Because of the coronavirus, officials at the Boston Marathon announced the 124-year-old race will go on, but in September.
Boston officials announced on March 13 during a press conference that the 2020 Boston Marathon will be postponed until September 14, rescheduled from April 20 amid concerns about COVID-19 (“coronavirus”). On Wednesday, the Boston Athletic Association released details about how they’ll cope with 2020 race registrations for runners who opt not to participate in September.
Runners entered in the 2020 race can either compete in the event on September 14 or receive a refund. Those who decide to have their registration fees refunded must request it by May 29. The 2020 Boston Marathon will also serve as a qualifier for 2021—registration for the 2021 Boston Marathon will take place sometime after September 14, officials said.
“Our primary focus remains on the health and well-being of participants, staff, volunteers, spectators, supporters, and everyone in our greater community,” said Tom Grilk, Chief Executive Officer of the B.A.A., in a written statement. “We’d like our entrants to join us in September. However, while we are in the midst of the evolving COVID-19 pandemic, we want to extend an offer of refund to our entrants so they may be able to plan accordingly.”
The state will declare September 14 a holiday, tentatively called “Marathon Day,” just like the spring Monday is Patriots’ Day in Massachusetts.
The London Marathon has also been rescheduled from April 26 to October 4, the organizers announced on Friday. Runners will be able to choose to use their entry on the rescheduled date, defer entry to 2021, or receive a refund of the registration fee.
“We know that there will be many, many questions from runners, charities and others and we ask you to please bear with us as we work through the detailed planning process to deliver the 2020 Virgin Money London Marathon on its new scheduled date,” said Hugh Brasher, London event director, in a written statement. “We will email all runners and charities today and then update them via email by the end of next week at the latest. We will also post regular updates on our website and social media channels.”
Boston and London are not the only races grappling with how to proceed during the pandemic. The Tokyo Marathon, which like the Boston Marathon is part of the World Marathon Majors (WMM), decided to hold an elite-only race on March 1—it usually draws a field of more than 35,000 runners. The Rome and Barcelona marathons are also among the races that will not go on this year—other international events, like the world half marathon championships in Poland, have been postponed until the fall.
U.S.A. Track & Field is also rescheduling the 2020 U.S. Olympic Trials, which were scheduled for June, following the postponement of the 2020 Olympics to 2021.

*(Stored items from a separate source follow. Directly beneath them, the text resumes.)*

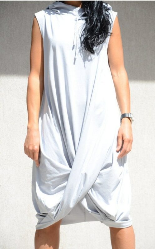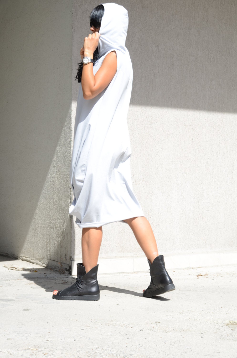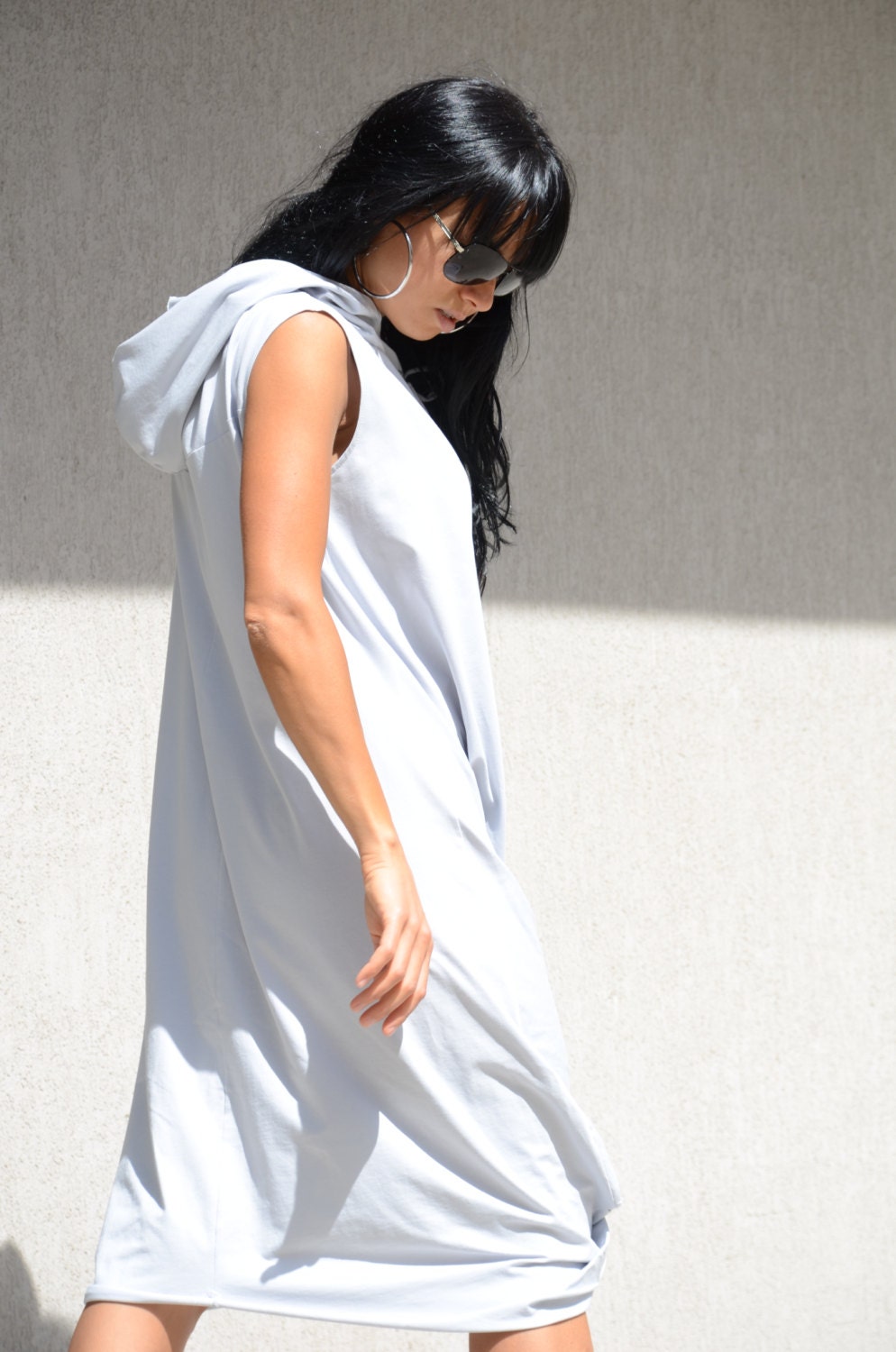 🌐🌐🌐 DHL EXPRESS SHIPPING 🌐🌐🌐Abaya Maxi Dress with Hoodie, Asymmetric Knee Length Oversize Tunic, Summer Grey Slouchy Top, Slouchy Clothing Baggy Clothing Urban Clothing
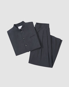 The CHARCOAL STAND COLLAR UNIFORM JACKET by Sundae School, made from a cotton nylon blend with buttons and a chest pocket, is neatly displayed with matching pleated trousers on a light gray background.
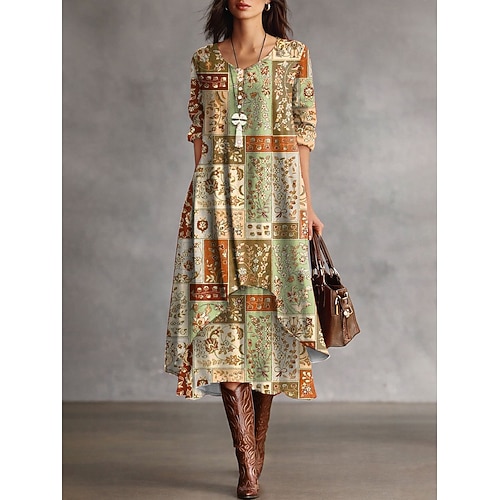 Per donna Abito Midi Tubino Abito a trapezio Vacanza Casual Boho Quotidiano Ferie Plaid Manica Lunga Dolcevita Verde scuro blu navy Marrone
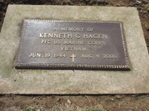 • Chester Earl Hagen, Jr. born August 8, 1941 in Chicago, Cook County, IL; Navy Veteran; served during the Bay of Pigs, earned Armed Forces Expeditionary Medal; married Kathy (Settles) Struck, daughter of William S. Settles (1925-2001) and Shirley (Kaiser) Settles (1927-2010); Chester died February 19, 2005 in Elgin, Kane County, IL (See section pertaining to Chester Earl Hagen, Jr. buried in the Fort Hill Cemetery)
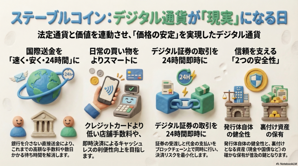 ステーブルコインは、クレジットカードやQRコード決済に代わる新しい支払い手段としても期待されています。
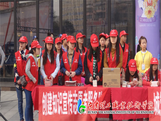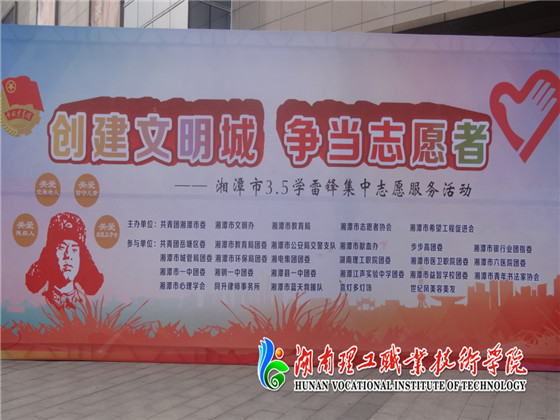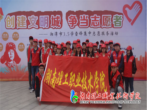 为弘扬雷锋精神,号召广大人民群众共同参与文明城市的创建,3月5日,我院志愿者在湘潭市华隆步步高广场参加由共青团湘潭市委员会、湘潭市教育局、湘潭市文明办共同主办的“创建文明城•争当志愿者”服务活动。
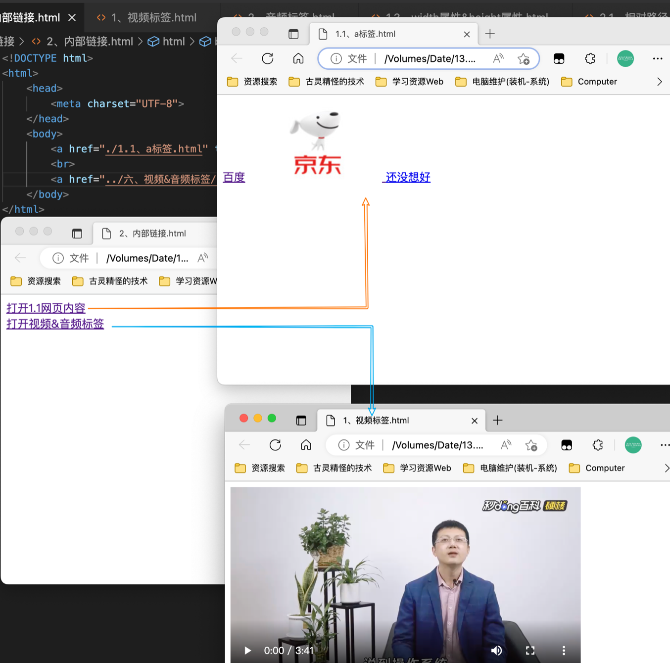 上面所介绍的是外部链接,接下来介绍内部链接,在开发中,一个网站通常会有许许多多的网页构成,在网页之间来回切换就需要用到内部链接了。
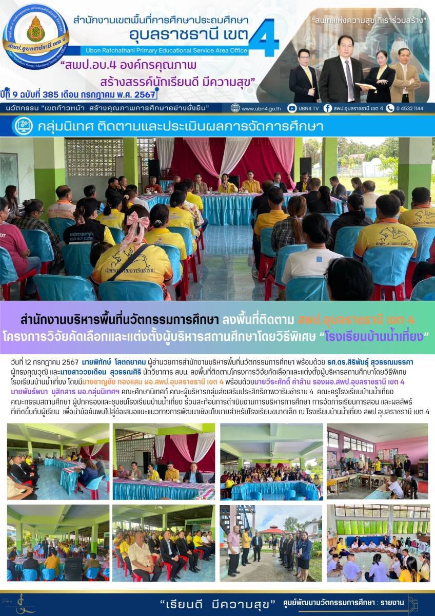 สำนักงานบริหารพื้นที่นวัตกรรมการศึกษา ลงพื้นที่ติดตาม สพป.อุบลราชธานี เขต 4 โครงการวิจัยคัดเลือกและแต่งตั้งผู้บริหารสถานศึกษาโดยวิธีพิเศษ "โรงเรียนบ้านน้ำเที่ยง" จดหมายข่าวกลุ่มนิเทศ ติดตามและประเมินผลการจัดการศึกษา ภารกิจ ผอ.สพป.อุบลราชธานี เขต 4 ก่อนหน้า ต่อไป
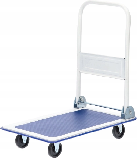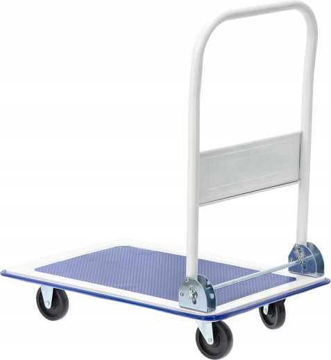 Leder du efter en pålidelig og kompakt transportvogn til hjemmet, kontoret eller lageret? Denne platformvogn med en kapacitet på 150 kg kombinerer en robust konstruktion, komfortabel betjening og mulighed for hurtigt at folde håndtaget for pladsbesparende opbevaring. Den skridsikre tekstur på platformen holder lasten sikkert på plads og mindsker risikoen for skader på de transporterede genstande.
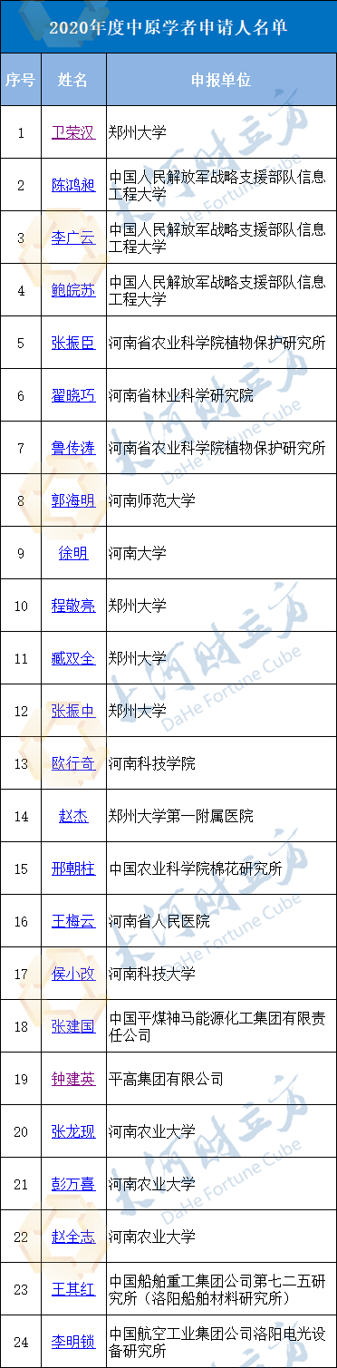 其中,2020年度中原学者申请人名单中,平高集团钟建英、中国平煤神马集团张建国、中航集团洛阳电光设备研究所李明锁等24人在列。
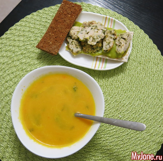 суп-пюре тыквенный с креветками, два хлебца, бутер (хлебец+пюре из брокколи и тыквы+котлета куриная)

The NYC Half marathon with about 25,000 runners was canceled earlier in March. New York Road Runners officials said in a statement that resources to safely accommodate the large-scale event on the streets of Brooklyn and Manhattan became strained as more residents fell ill with the COVID-19 virus\.
“The NYRR team worked hard to adjust plans, implementing modifications and accommodations to alleviate crowding and facilitate social distancing,” the statement said. “Unfortunately, it has become clear that we will be unable to proceed in the manner that our runners have come to expect at NYRR events, where the safety and security of our runners, volunteers, staff, partners, and spectators are our main concern.”
Runners have the opportunity to receive a registration fee refund or defer their entry until next year.
The Boston Marathon is the oldest annual marathon in the world, which even continued in 1918, though it was modified as a military relay that year because of the country’s involvement in World War I, according to the Boston Globe.